In her post below that - Fly Away, Words, she says:

"We are not all born a Shakespeare, with a body of work that endures through the ages, and that’s okay. As long as I am putting my best words out there, I can struggle with the process of letting them go…and trust that they will find the life they should have. Some words are well received. Some fall on deaf ears. Whatever the result or their reception, I have to write them, give them life, and let them go. I am a writer. That’s what we do."

Talk about a shot in the arm.

Her blog lead me to GenReality and a post entitled "Writers and Carrots" by Jason Pinter about not calling yourself a writer until you've actually published something. Please read it and then come back. His article came about after an encounter with an unpublished writer who called herself a full time writer.

"For some reason this bothered me, probably more than it should have, and it’s been like a popcorn kernel stuck between my teeth. What she said touched a nerve, I just haven’t been able to shake it. I’m not picking on this woman–she seemed perfectly nice and loved books and people like that should never be taken for granted–but I couldn't help but think that if she truly wanted to be a writer, she’s going about it completely wrong. And the reason I believe her comment bothered me is that many aspiring writers I’ve met over the last few years have very similar attitudes, that once you put a pen to the page or bang out a few pages you’re officially a ‘Writer.’ This is not to come across as elitist, it’s not to create a division between published and unpublished writers, but in my opinion if you want to be a writer, that way of thinking harms your writing more than anything."

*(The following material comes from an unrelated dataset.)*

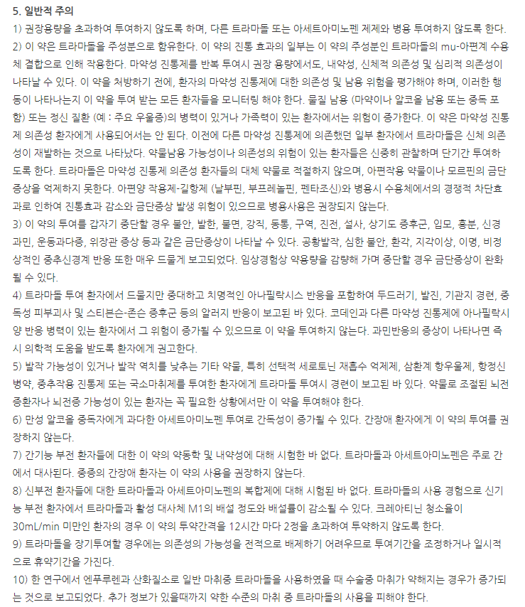 약의 성분은 아세트아미노펜 325.0mg, 트라마돌염산염 37.5mg 포함되어 있다고 하니 참고하세요.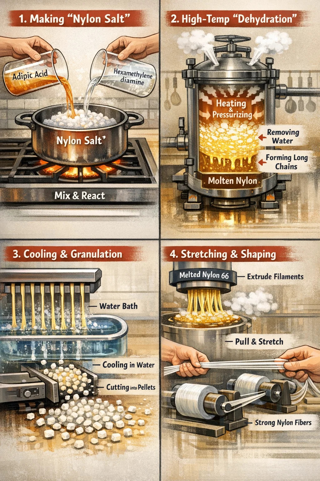 Tu sú zjednodušené kroky na výrobu Nylonu 66:

His comments did come across as elitist and struck me as very pessimistic, even defeatist.

"If you aspire to be a writer, do yourself a favor and don’t call yourself a ‘Writer’. I’m sure many people have gone about it differently, and what worked for me won’t necessarily work for others, but don’t allow yourself to eat the carrot simply by sticking your hand out a few inches. Hold it out there in front of you. Walk for it, run for it, grasp for it. When the time comes, you’ll be able to reach it. Just don’t sell yourself short by holding it an inch from your mouth, then congratulate yourself for leaning forward far enough to take a bite."

Selling yourself short? This woman wasn't selling herself short. What hit me most of all was even though this woman hadn't published anything, her positive outlook is what kept her going, she is proud of herself. The carrot to her is writing. By calling herself a writer, it gave her the positive attitude to keep on writing and stick with it. The carrot isn't being published, it's the writing. Publishing is what happens when you finish eating that carrot and reach the stick.

At the end of the day, I realized in getting wrapped up in semantics and discussions about labels, I had sabotaged myself and sold myself short.

Definition of a Writer: a person who commits his or her thoughts, ideas, etc., to writing.

Okay God. You made your point. I am a writer!

And someday when I publish a book and become an "Author," help me remember to be positive and encouraging rather than negative and discouraging to those on the path who call themselves writers.

But words are things, and a small drop of ink,
Falling, like dew, upon a thought, produces
That which makes thousands, perhaps millions, think.
------- Lord Byron


  1. The elementary school kids I teach never question whether or not they are writers the way that adults do. They firmly believe, as you suggest at the end of this post, that if they are able to convey their thoughts and experiences on to paper with words and pictures then they are writers and illustrators. And they are. They own their creations, and their own roles in crafting them. Lessons for all of us adults writers who would be tempted to put quotes around the word in doubt. :)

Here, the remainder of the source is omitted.